#### WORK TASK
From the line that contains "Ця жіноча повсякденна" to the last line of the data below, transcribe every line exactly. Do not include the pictures.

#### PROVIDED DATA
*-*-*

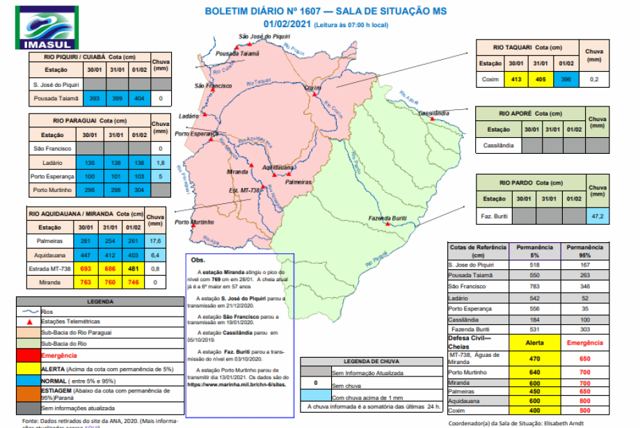 Embora o nível do Rio Miranda tenha diminuído nos últimos dias, a situação nas estações Estrada MT-738 (em Nioaque) e Miranda, ainda é crítica e continua sob alerta.
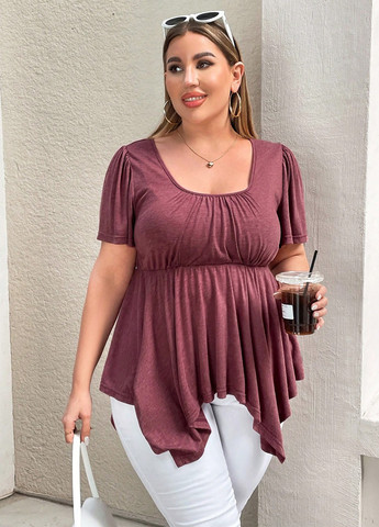 Ця жіноча повсякденна футболка великого розміру має трикотажну тканину з коротким рукавом з воланами, асиметричними оборками та квадратним вирізом.
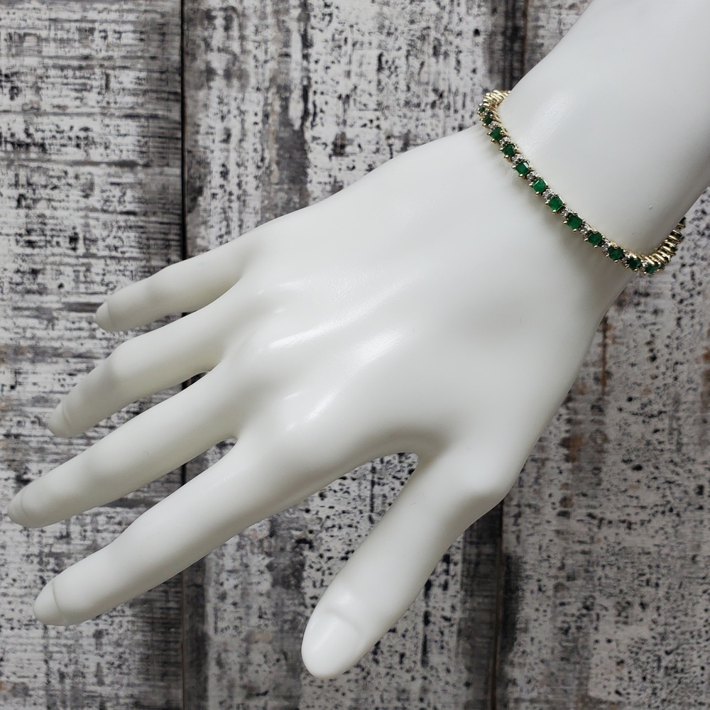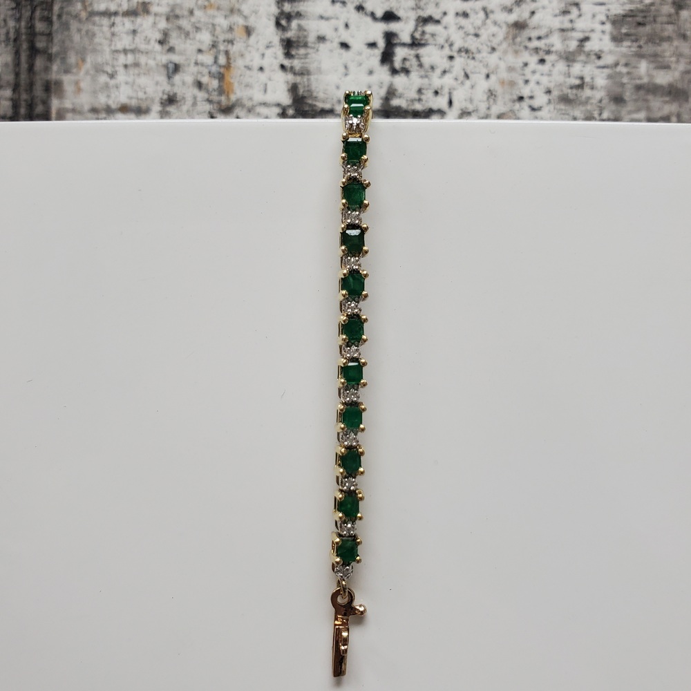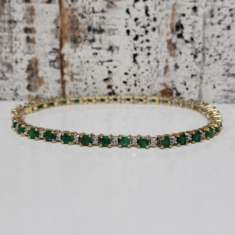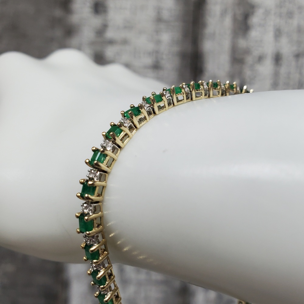 We have this stunning 10K Square Emerald Diamond Bracelet For sale!

*-*-*

#### FINISHED TASK
 Ця жіноча повсякденна футболка великого розміру має трикотажну тканину з коротким рукавом з воланами, асиметричними оборками та квадратним вирізом.
 We have this stunning 10K Square Emerald Diamond Bracelet For sale!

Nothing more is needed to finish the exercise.